# Machine Learning - Assignment 1
## by Anton Wiehe & Angelie Kraft

In [13]:
%matplotlib notebook

import numpy as np
import matplotlib.pyplot as plt
import time
import random


def generate_data():
    x = np.random.random(100)
    epsilon = np.random.uniform(-0.3, 0.3, 100)
    y = np.sin(2 * np.pi * x) + epsilon
    return x, y


In [14]:
# Generate polynomial
def poly_model(x, thetas):
    return np.array([np.sum(summands(x[i],thetas.size) * thetas) for i in range(x.size)])

def summands(x_i, size):
    return np.array([x_i ** i for i in range(size)])
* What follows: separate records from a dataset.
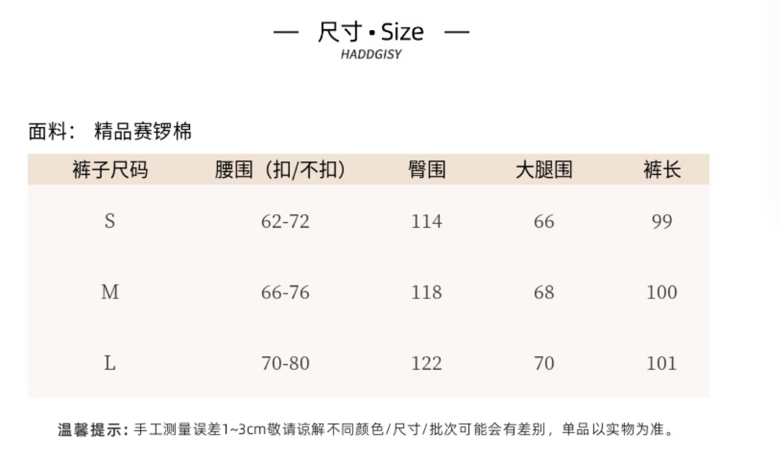 牛仔裤尺码
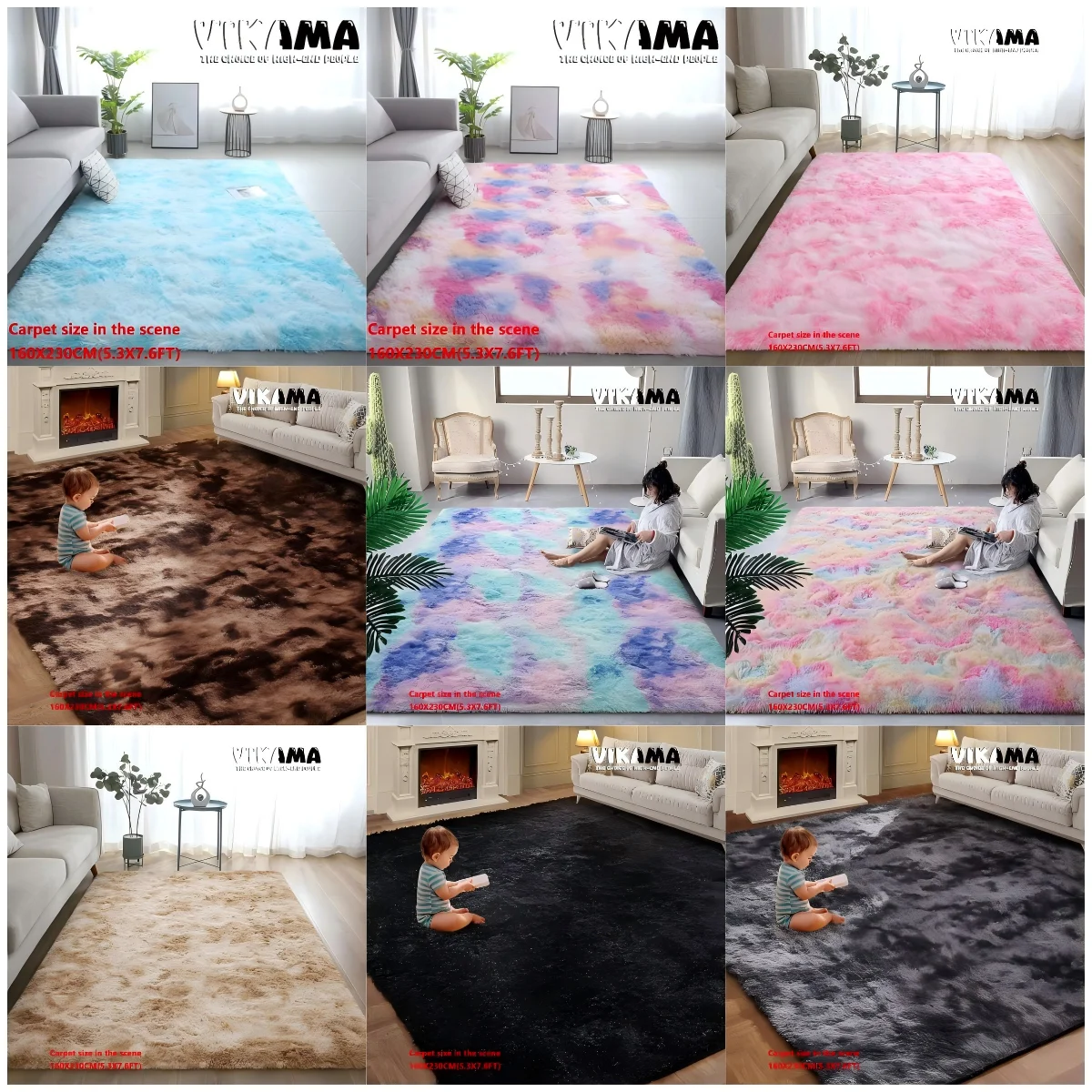 VIKAMA 1PC Silk Wool Rugs Children's Room Living Room Bedroom Tie-Dye Non-Slip Washable Machine Washable Carpet Mats
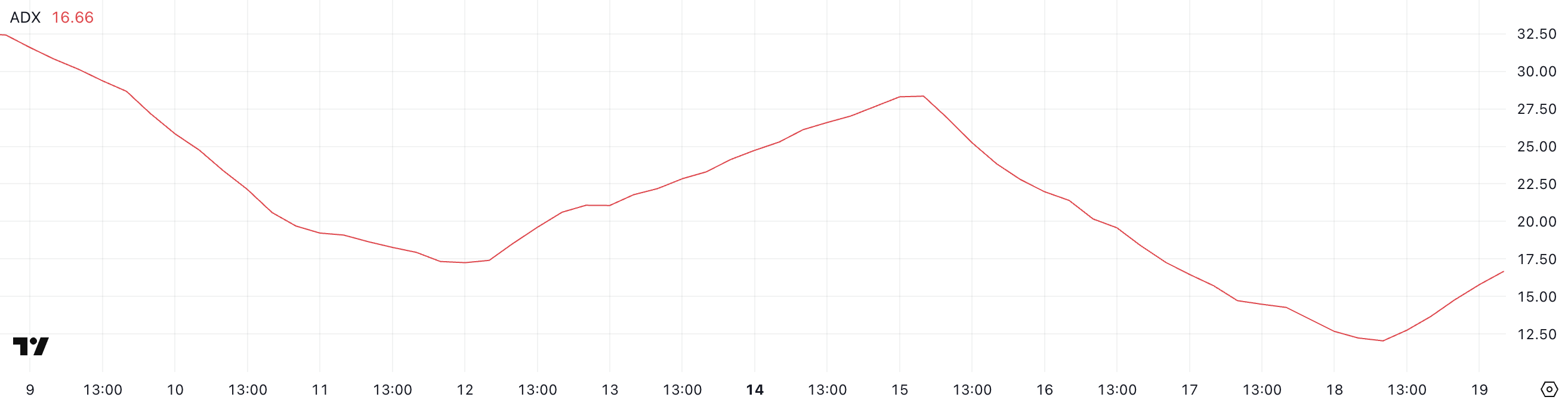 Cardano’s ADX (Average Directional Index) is currently at 16.66, rebounding slightly after falling from 28.35 four days ago to a low of 12 just a day ago.
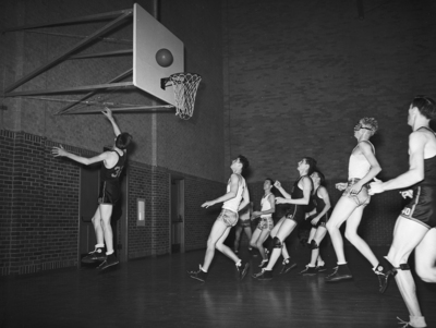 Image shows Polytechnic High School took on the Arlington Heights basketball team at home in the Parrot's gym. Eight unidentified players are shown during basketball game. The basket gave Poly a quick 2-0 lead and they never looked back, beating Arlington Heights 33-8. Published in the Fort Worth Star-Telegram morning edition January 10, 1940.
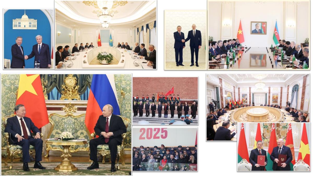 Hà Nội (TTXVN 14/5/2025) Chuyến công tác của Tổng Bí thư Tô Lâm và Phu nhân cùng đoàn đại biểu cấp cao Việt Nam thăm cấp Nhà nước Cộng hòa Kazakhstan, thăm cấp Nhà nước Cộng hòa Azerbaijan, thăm chính thức Liên bang Nga và dự Lễ kỷ niệm 80 năm Ngày Chiến thắng trong chiến tranh Vệ quốc vĩ đại và thăm cấp Nhà nước Cộng hòa Belarus từ ngày 5-12/5 đã thành công tốt đẹp.
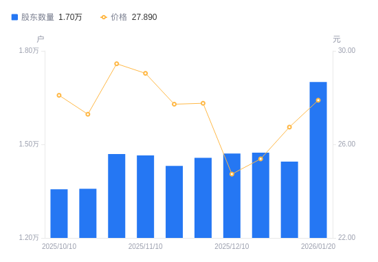 1月28日消息,数据显示,截至2026年1月20日,科锐国际A股股东总户数为1.7万户,较上期(2026年1月9日)增加2551户,增幅17.66%。公司最新A股总股本为1.97亿股,其中流通A股1.96亿股,户均持有流通A股数量为1.15万股,较上期减少2038.49股,降幅15.01%;户均持流通A股市值32.2万元,较上期减少4.12万元,降幅11.35%。
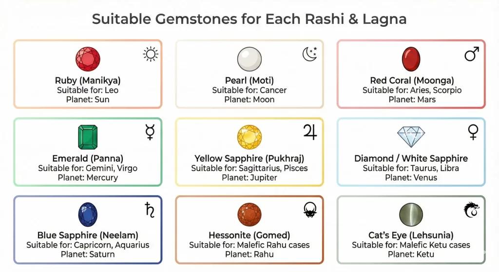 Let’s explore how to choose the correct lagna ratna (gemstone by ascendant) in a simple and practical way.
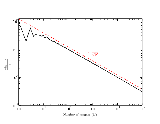 误差随着模拟次数的增加而不断下降,速率为N-0.5
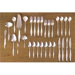Gio Ponti Diamond sterling silver flatware, by Reed & Barton, 1958, 30 pieces of solid sterling, impressed marks, the set consists of master butter, large ladle, sugar spoon, serving spoon, cake server, pickle fork, small ladle, bon-bon server, four dinner forks, three salad forks, four iced tea spoons, seven spoons and four dinner knives, excellent condition
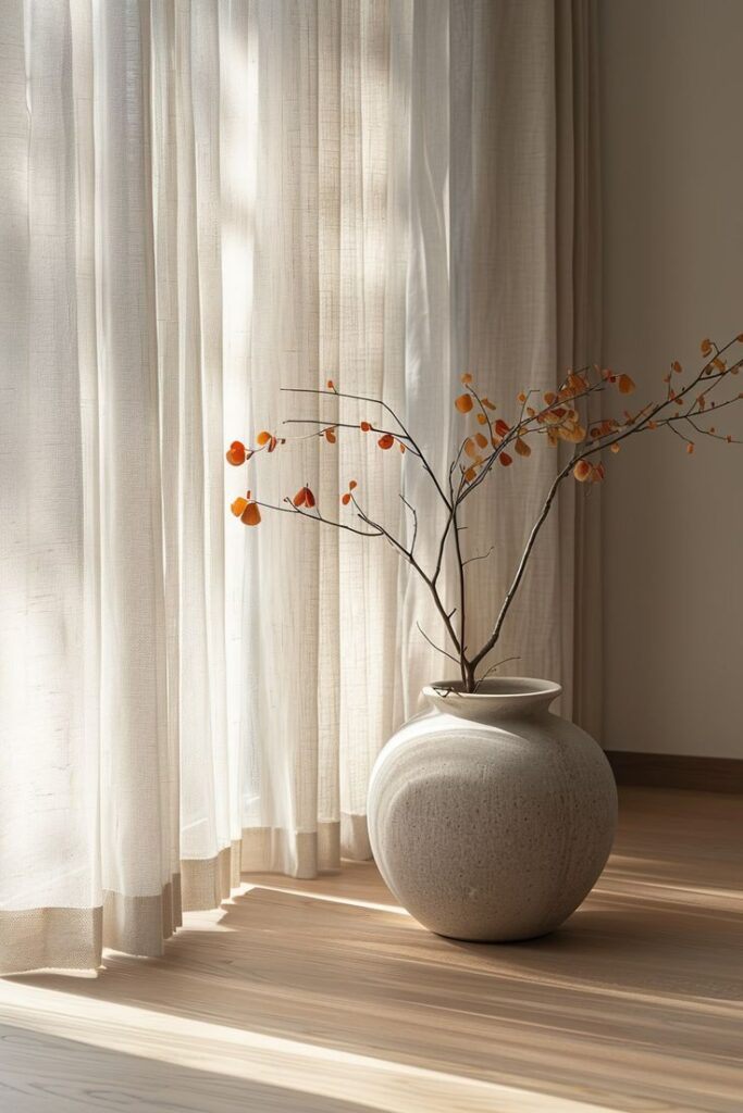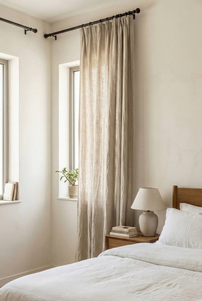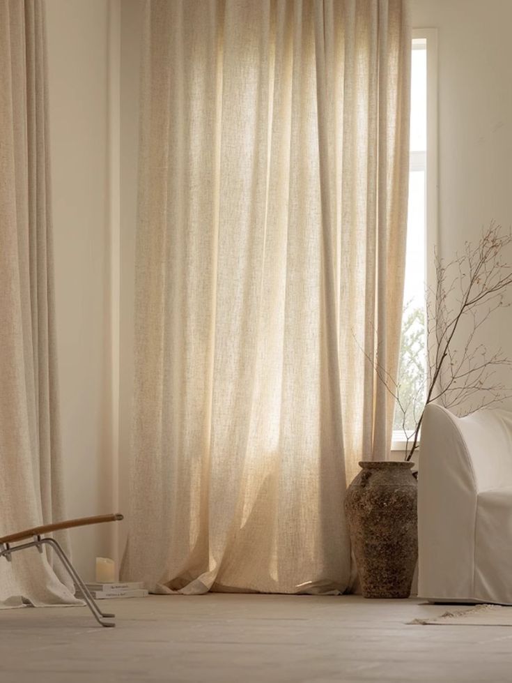 Curtains made from natural linen fabric to provide soft light, a relaxed look, and breathable comfort.

# Calc derivative of polynomial
def poly_model_deriv(x, thetas):
    return np.array([np.array([x[j] ** i 
                               for i in range(thetas.size)]) 
                     for j in range(x.size)])


In [15]:
# Generate thetas
def generate_thetas(number_of_thetas):
    return np.random.uniform(-0.5, 0.5, number_of_thetas)

In [16]:
# Shuffle two lists in same order
def shuffle(a,b):
    assert len(a) == len(b)
    start_state = random.getstate()
    random.shuffle(a)
    random.setstate(start_state)
    random.shuffle(b)

In [17]:
# Calc derivative of mean squared error
def mse_deriv(x, y):
    return np.mean(-2 * (x - y), axis=0)

# Calc mean squared error = loss function
def mse(x, y):
    return np.mean((x - y) ** 2)

## Stochastic Gradient Descent

In [18]:
def sgd(inputs, targets, thetas, epochs=100, lr=0.1, batch_size=1):
    print("learning rate:", lr)
    
    # initialize plot
    fig = plt.figure(1)
    ax1 = plt.subplot(211)
    ax2 = plt.subplot(212)
    plt.ion()
    fig.tight_layout()
    fig.show()
    fig.canvas.draw()
    
    errors = []
    
    for epoch in range(epochs):
        shuffle(targets,inputs)
        
        error = 0
        for batch_idx in range(len(inputs) // batch_size):
            batch_inputs = inputs[batch_idx * batch_size:batch_idx * batch_size + batch_size]
            batch_targets = targets[batch_idx * batch_size:batch_idx * batch_size + batch_size]
            batch_predictions = poly_model(batch_inputs, thetas)
            error = mse(batch_targets, batch_predictions)
            errors.append(error)
            gradient = mse_deriv(batch_targets, batch_predictions)
            *poly_model_deriv(batch_inputs, thetas)
            mean_gradient = np.mean(gradient, axis=0)
            thetas = thetas - lr * mean_gradient 
        
     
        # update plot
        ax1.clear()
        ideal_x = np.arange(0,1,0.001) 
        ax1.scatter(x,y, label="data") 
        ax1.plot(ideal_x, np.sin(2 * np.pi * ideal_x))
        ax1.plot(ideal_x, poly_model(ideal_x, thetas), label="trained output")
        ax1.set_label("Epoch: " + str(epoch))
        ax1.legend()
        ax1.set(xlabel="X",ylabel="Y")
        
        fig.canvas.draw()
        
        ax2.clear()
        errors_smoothed = running_average_cumsum(errors, window=1000)
        ax2.plot(errors_smoothed)
        ax2.set_label("MSE training during training")
        ax2.set(xlabel="Training Steps",ylabel="MSE")
        fig.canvas.draw()
        time.sleep(0.0001)
        
        
            
    print("Final thetas: ", thetas)
    #fig.canvas.draw()
    return thetas, errors

In [19]:
# smoothing
def running_average_cumsum(seq, window=100):
    s = np.insert(np.cumsum(seq), 0, [0])
    return (s[window :] - s[:-window]) * (1. / window)

In [22]:
x, y = generate_data()
thetas = generate_thetas(4)

epochs = 1000
trained_thetas, errors = sgd(x, y, thetas, epochs=epochs, lr=0.1, batch_size=1)
# Batch size = 1 for Stochastic Gradient Descent

learning rate: 0.1


<IPython.core.display.Javascript object>

Final thetas:  [ -0.16601995   9.77841302 -28.67071457  18.86733618]


In [21]:
print("Final error: " , errors[-1])

Final error:  0.03695157824140702